Dust Tips: What You Need to Know

An alien looking object turned out to be cotton fibers; What looked like plant seeds turned out to be aluminum alloy particles; Under a microscope, dead human skin cells look like clumps of crumpled paper.

No one who has seen these micrographs has not been intrigued by the strange objects in the dust. What other secrets are hidden in the dust around us?

Source: cen.acs.org

Dust Mites That Sleep with Us

Indoor dust contains a lot of human dead skin. Our bodies create 20 million new skin cells every hour, and the new ones push the old ones into the outer layer. After a few weeks, the initial new skin cells have reached the outermost layer of the skin, become hardened and shed from the skin surface with movements such as scratching.

Source: imperial.ac.uk

Although the keratin in dead skin is tough and not particularly nutritious, it is abundant and oily, which makes it a target for dust mites.

Dust mites have eight legs and they are relatives of spiders. In order to digest hard keratin, dust mites can secrete powerful keratinase. They constantly eat keratin and excrete it at an amazing rate. Dust mites can produce fecal particles equivalent to 200 times their body weight in their lifetime.

Source: niehs.nih.gov

Beds are home to dust mites, which can number up to two million in a single bed. If the bedding is not replaced in time, living dust mites, the remnants of dead dust mites and dust mite feces can be inhaled into our respiratory tract, and these substances contain enzymes that can cause allergic reactions in the inhaler. Studies have shown that dust mite feces is one of the main causes of childhood asthma.

Source: nih.gov

Dust Likes to Stick Together

Dust builds up every day in the house and moves around the home. In the process of moving, all kinds of dust and garbage will form clumps, which contain hair, clothing fibers, dead skin, spider webs, mineral particles, paint chips, etc.

Source: wikipedia.org

The formation of a clump may begin with the movement of a single large particle, such as a large dander.

Oily dandruff is carried by the air flow and moves slowly on the floor. These air flows may come from fans or air conditioners, or people's actions such as walking, opening windows or doors in the house.

As it moves, dandruff rubs against particles on the floor, such as hair, fibers, food scraps and insect bodies. Static electricity causes them to attract each other and form entangled clumps.

As the clump moves around, it picks up small particles along the way, and gets bigger and bigger. The oily debris such as food residues and human dead skin that it picks up will also play a bonding role, making it easier to pick up garbage.

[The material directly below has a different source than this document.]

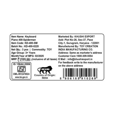 The Kriiddaank Spiderman Keyboard Piano 400 is an exciting and interactive musical toy designed to introduce kids to the world of music through fun and play. This battery-operated keyboard piano features engaging musical note sounds that help children develop rhythm, coordination, and creativity. Its compact and portable design makes it easy to carry anywhere, ensuring entertainment on the go. Decorated with vibrant Spiderman graphics, it instantly captures kids’ attention and keeps them engaged in imaginative play. Made from safe, durable, and child-friendly materials, this keyboard is perfect for early learning, encouraging auditory development and a love for music in young minds. Ideal for both playtime and learning, it’s a great gift choice for boys and girls alike.

The clumps hide at the bottom of furniture or in corners, providing a habitat for dust mites and other parasites. They will also block the filter screen, reducing the ventilation efficiency of the air conditioning or fresh air system.

Contaminants in Dust

In the 1940s, scientists first discovered that indoor dust was a good indicator of local conditions.

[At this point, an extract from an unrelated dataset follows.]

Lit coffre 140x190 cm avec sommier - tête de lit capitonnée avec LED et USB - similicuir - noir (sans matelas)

In the 1970s, when lead in paint and gasoline became a major threat to children's health, some scientists began measuring lead levels in household dust and found significantly higher levels.

In dust samples collected from some old houses, scientists detected DDT, a kind of pesticide, which has been banned for nearly half a century.

Source: time.com

Our skin and clothing fibers will continuously absorb various harmful substances (such as heavy metals, polychlorinated biphenyls, polycyclic aromatic hydrocarbons, etc.) from the external environment.

Some of these harmful ingredients will adhere to the dust particles and be absorbed by our skin, or inhaled into the respiratory tract, or enter our digestive tract with food and water.

During the use of TV and other household appliances, the plastic shell part will release a small amount of volatile or semi volatile substances, such as tetrabromobisphenol A (a flame retardant). These volatiles will continue to enter the surrounding environment until they reach a concentration equilibrium with the surrounding environment.

These volatile components are volatilized and dispersed in the air due to the heat generated by the operation of household appliances, and condense to form particles in the colder parts of the room, which are mostly dusty areas.

Some flame retardants with large molecular weight (such as decabromodiphenyl ether) are difficult to volatilize, but they will still transfer from the plastic products to the surrounding dust particles.

Therefore, dust on router or TV in your home should be cleaned regularly, as they may have absorbed harmful components.